After they’d looked at the bike, she gave him a piece of cake. They sat and ate in the kitchen. The kitchen floor looked like it could have been used for a commercial about floor wax.

“My dad says he knew a Mormon in the service; he respects them.”

“Did you ask him about taking the missionary lessons?”

“I never ask him anything unless it costs money,” she answered.

“Well, are you going to take them?”

“I don’t know. Is it all that important?”

“Yes, it is.”

“Is good old Ernie going to be a Mormon?” she teased.

“No.”

“If he did, you’d have to call him Brother Ernie, wouldn’t you? And if I joined too, he’d call me Sister Pam. That’d be great,” she said cynically. “He’s a loser, Jed. Face it.”

That Friday night Pam’s parents took Jed and Pam to dinner with them in Manhattan. They ate at a Japanese restaurant where they removed their shoes and ate on bamboo mats in a small enclosed room. Afterwards they went to a Broadway play. They talked during intermission about inviting him up to see their summer cabin in Maine.

The next week the elders persuaded Jed to pick up Ernie for activity night. He and his mother lived in a housing development built for low-income people. Ernie’s mother was a tired-looking woman with a deep, hacking smoker’s cough.

They played volleyball that night. At first Ernie was just going to watch, but Brenda talked him into playing on her side. She stood next to him and instructed him about how to set up the ball for players in the front row to spike. When he missed, which he did frequently, she’d say, “That’s okay, Ernie,” or, “Nice try.” By the end of the first game, he was returning most of the serves hit to him. By the end of the second game, he was excited about the game, encouraging other players, and shouting when they gained a point.

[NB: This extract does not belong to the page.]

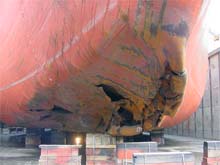 The forepeak and No. 1 starboard double bottom ballast tanks were punctured between frames 216 and 235 (approximately 12 m in length) running from the keel plate to the starboard bilge. The shell plating in way of damage was set in approximately 600 mm. The duct keel plate in way of frames 175 to 185 was also set in. Other bottom plates were set in as far astern as frame 151 and affected tanks 1 P, 2 P&S, 4 P&S, 5 P&S, and 7 S.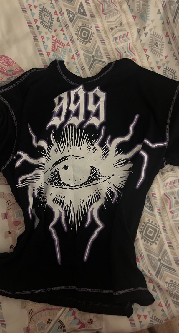 Siyah, kısa kollu, bol kesim kız tişörtü, baskılı göz ve 999 deseniyle, sentetik kumaştan üretilmiştir. Rock punk tarzına uygun.

Jed and Brenda drove him home after it was over. He joked with Brenda about his poor eyesight, telling how he stepped on his glasses once while he was looking for them. Jed was silent.

After they had let Ernie out at his home, Brenda started in with Jed. “The only time you paid any attention to Ernie was when you spiked the ball toward him.”

“He was the weakest member of your team. It was just good strategy.”

“You aren’t helping him any.”

“You’re wasting your time, Brenda. He’ll never join the Church.”

“But your precious Pam will?”

“Yes, in time she will.”

“My big brother is a dummy.”

“My little sister can’t face reality.”

“Jed, why do you ignore him?”

“How can anybody ignore him? He’s got bad breath.”

“Do you think you’re better than he is?” she asked.

“That’s not the point. If I can get Pam interested in the Church, the Church will be made stronger. She knows a lot of people. But she’ll never even look at the Church if Ernie is baptized.”

“So you’re just going to let Ernie go. His only chance, maybe, to hear the truth.”

“I picked him up tonight. Isn’t that enough?”

She was quiet for several minutes, and then, quietly, she asked, “What would the Savior do?”

“You’re not going to trap me,” Jed answered brusquely.

“Just tell me what He would do.”

“It’s more complicated than that. You don’t understand. If I get tied up with Ernie, I won’t have a friend in that whole school.”

“Because he’s fat.”

“Yes, and sloppy and clumsy.”

“Jed, you’re my big brother. I used to be proud of you, but I’m not sure that I like you very much anymore. You’ve changed. Pam’s changing you. Did you know that?”

“Tough,” Jed said angrily.

The next Monday when Pam and Jed met at their lockers, she invited him to come with her and her family for the weekend while they did some work on the cabin in Maine. The plans called for them to fly up Friday and return on Monday afternoon.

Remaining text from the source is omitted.